━━━ Input material
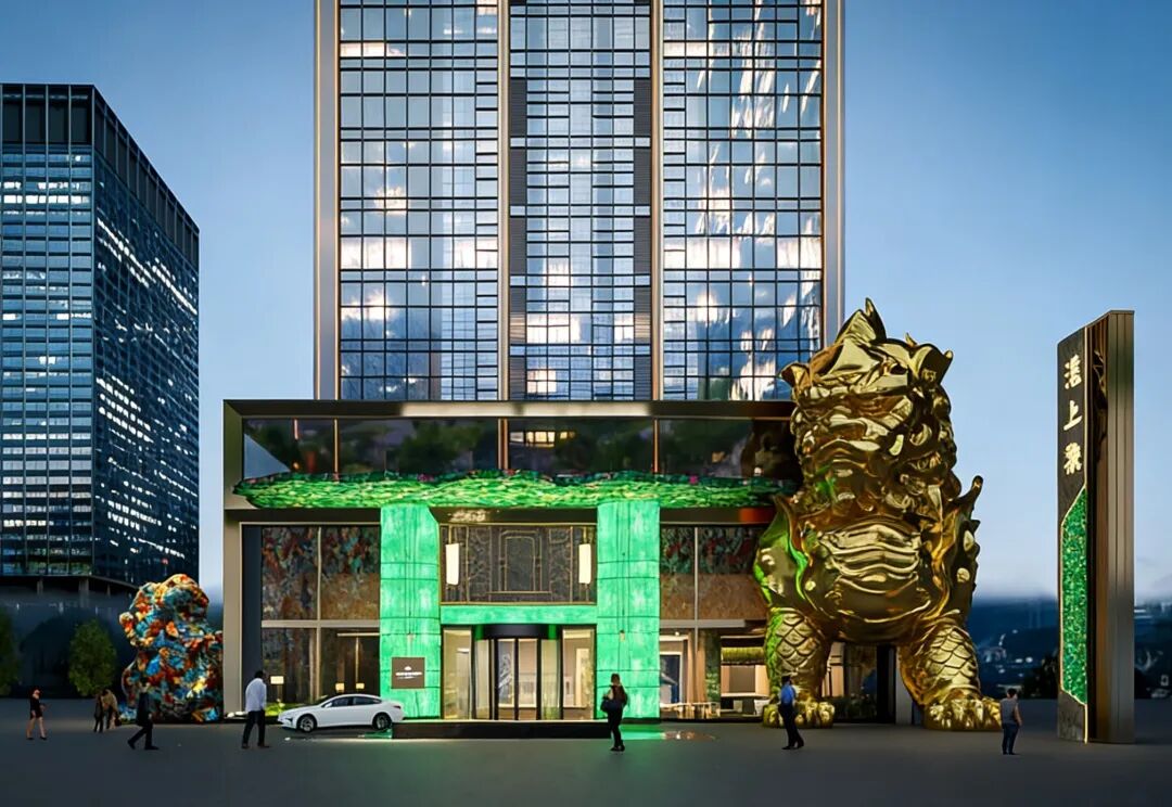20米高的金色麒狮。效果图
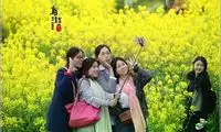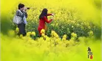 The golden rapeseed flowers are in full bloom in the dragon-shaped field. Tourists walk through it, and the green and red clothes are dotted in it.
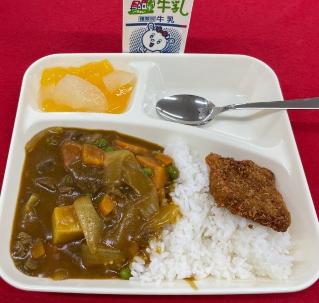 給食に「入学祝い」のカツカレー
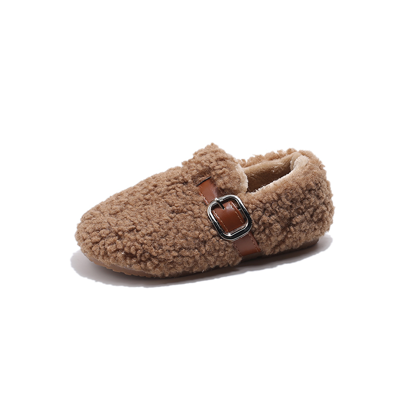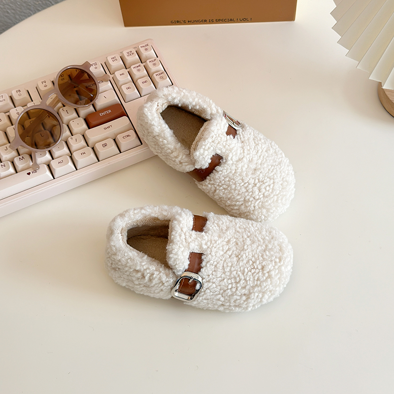 女童毛毛鞋冬季2024新款女孩平底豆豆鞋一脚蹬保暖加绒棉鞋学步鞋
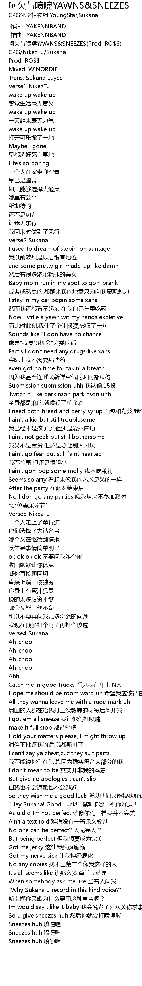 | [00:03.664] | 呵欠与喷嚏YAWNS&SNEEZES(Prod. RO$$) |
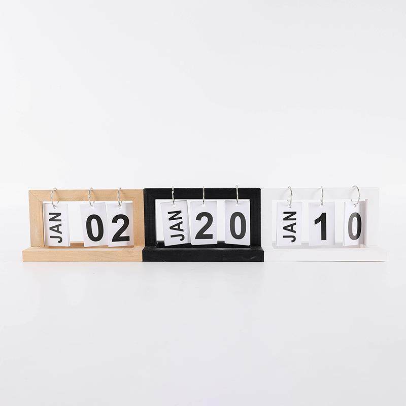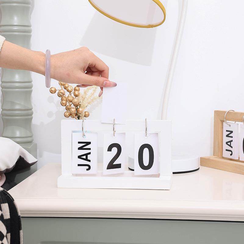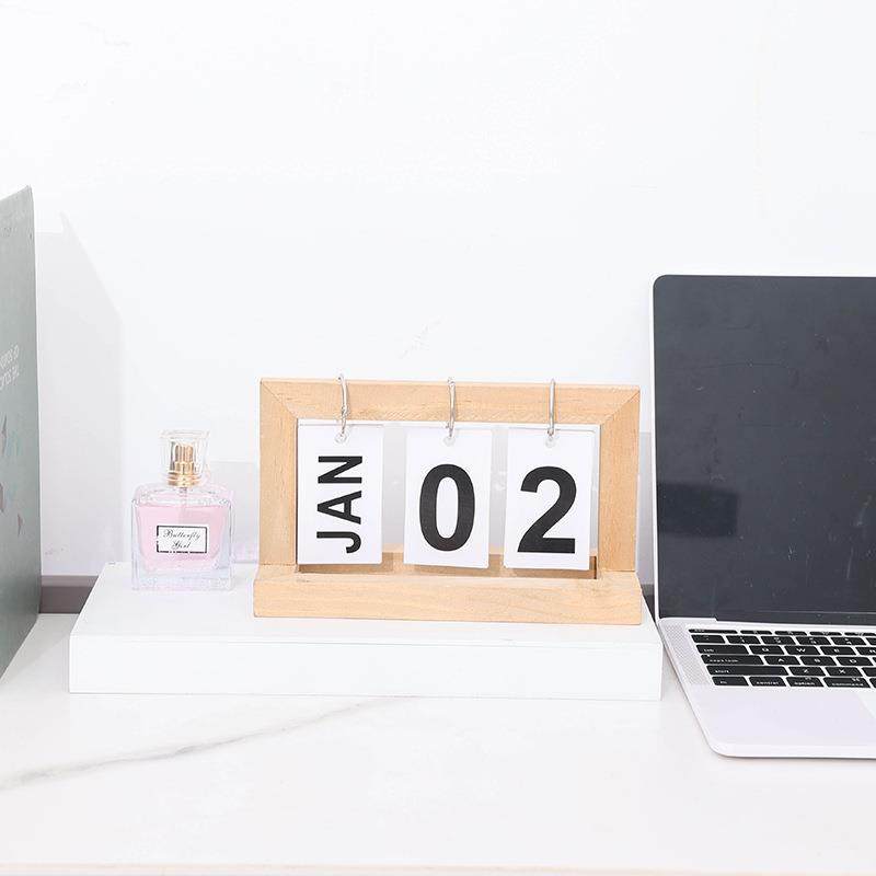 现代简约摆件家居卧室办公桌面小电视柜木制日历木质日历摆件
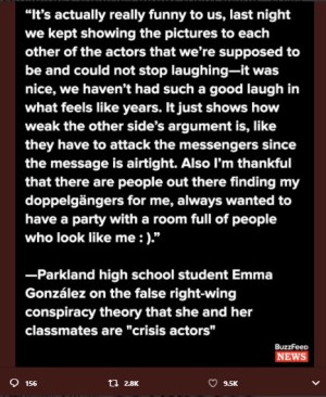 Since the day of the shooting, conspiracy theories have abounded (partly thanks to Russian trolls, according to PolitiFact), one of the insidious of which is that the most outspoken of the students—among them David Hogg, Emma Gonzalez and Cameron Kasky—are “crisis actors” and that the shooting was set up by the CIA, FBI or any number of other “evil” entities.
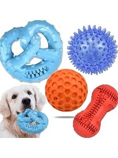Dog Chew Toys Aggressive Chewers - Puppy Teething Chew Toy Extra Durable Dog Toys for Small Medium Large Breeds Include Squeaky Balls Teeth Brush Rubber Chew Toys Interactive Play
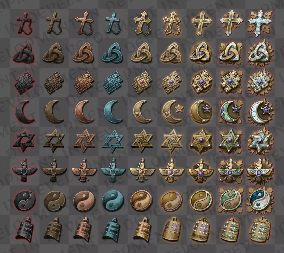 【网格中有9个虔诚等级,从罪人到神级排列】 没错,我们确实需要为这个特定功能展示一些真正华丽的艺术图标渲染! 寺庙的问题 你可能会问,一位强大的神王德瓦拉贾在这个世界上还可能需要什么呢?那么,寺庙怎么样? 在《天下》中,我们将引入一种额外的领地类型:寺庙堡垒。这将是曼陀罗统治者的主要领地,并且对于大多数其他有地政府来说,它也可以作为首都(与城堡领地一起),以确保当该地区被非曼陀罗统治者征服时,它仍然有效。你的首都的神庙堡垒是首都神庙建筑群的主要地点;这是一座拥有额外防御设施且高度重视虔诚等级的神庙,也是任何有自尊的神王的根基。这些宏伟建筑通过新的“伟大工程”功能建造,该功能是你与臣民之间的协作项目。未来的开发日志将提供更多相关信息! 最终建成的宏伟建筑,即首都神庙建筑群,将通过以下方式支持你的王国:扩大你的曼陀罗王国内的领土上限和附庸上限,以及提升你作为神王的光辉(你吸引朝贡国和附庸的能力)。
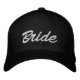 Bride schwarz-weiß benutzerdefinierte Skript elegante schicke Hochzeit bestickt Baseball Cap. Anpassbarer weißer Text, schwarzer Hintergrund. Erhältlich in vielen Farben und Stilvarianten.
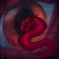 a fantasy creature that resembles a dragon, with red scales and horns, resting inside what appears to be the shell of another sea creature, possibly a snail. The creature's eye is open wide, as if looking directly at the viewer. It gives off a whimsical and somewhat
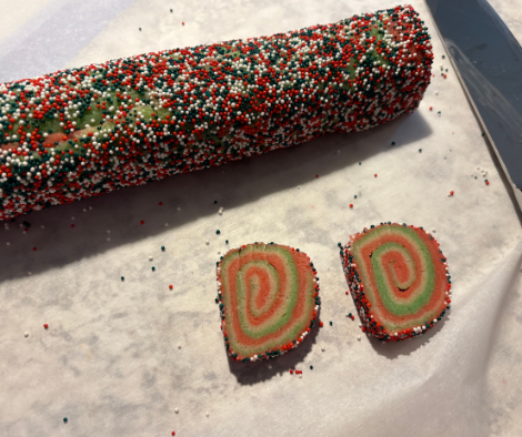 Then just roll the cylinder in the sprinkles. Cut the dough into 1/3rd inch slices.
━━━━━━
- **Work to be completed**
Every line of the material must be reproduced verbatim; the pictures are to be omitted.

- **Solution**
20米高的金色麒狮。效果图
 The golden rapeseed flowers are in full bloom in the dragon-shaped field. Tourists walk through it, and the green and red clothes are dotted in it.
 給食に「入学祝い」のカツカレー
 女童毛毛鞋冬季2024新款女孩平底豆豆鞋一脚蹬保暖加绒棉鞋学步鞋
 | [00:03.664] | 呵欠与喷嚏YAWNS&SNEEZES(Prod. RO$$) |
 现代简约摆件家居卧室办公桌面小电视柜木制日历木质日历摆件
 Since the day of the shooting, conspiracy theories have abounded (partly thanks to Russian trolls, according to PolitiFact), one of the insidious of which is that the most outspoken of the students—among them David Hogg, Emma Gonzalez and Cameron Kasky—are “crisis actors” and that the shooting was set up by the CIA, FBI or any number of other “evil” entities.
Dog Chew Toys Aggressive Chewers - Puppy Teething Chew Toy Extra Durable Dog Toys for Small Medium Large Breeds Include Squeaky Balls Teeth Brush Rubber Chew Toys Interactive Play
 【网格中有9个虔诚等级,从罪人到神级排列】 没错,我们确实需要为这个特定功能展示一些真正华丽的艺术图标渲染! 寺庙的问题 你可能会问,一位强大的神王德瓦拉贾在这个世界上还可能需要什么呢?那么,寺庙怎么样? 在《天下》中,我们将引入一种额外的领地类型:寺庙堡垒。这将是曼陀罗统治者的主要领地,并且对于大多数其他有地政府来说,它也可以作为首都(与城堡领地一起),以确保当该地区被非曼陀罗统治者征服时,它仍然有效。你的首都的神庙堡垒是首都神庙建筑群的主要地点;这是一座拥有额外防御设施且高度重视虔诚等级的神庙,也是任何有自尊的神王的根基。这些宏伟建筑通过新的“伟大工程”功能建造,该功能是你与臣民之间的协作项目。未来的开发日志将提供更多相关信息! 最终建成的宏伟建筑,即首都神庙建筑群,将通过以下方式支持你的王国:扩大你的曼陀罗王国内的领土上限和附庸上限,以及提升你作为神王的光辉(你吸引朝贡国和附庸的能力)。
 Bride schwarz-weiß benutzerdefinierte Skript elegante schicke Hochzeit bestickt Baseball Cap. Anpassbarer weißer Text, schwarzer Hintergrund. Erhältlich in vielen Farben und Stilvarianten.
 a fantasy creature that resembles a dragon, with red scales and horns, resting inside what appears to be the shell of another sea creature, possibly a snail. The creature's eye is open wide, as if looking directly at the viewer. It gives off a whimsical and somewhat
 Then just roll the cylinder in the sprinkles. Cut the dough into 1/3rd inch slices.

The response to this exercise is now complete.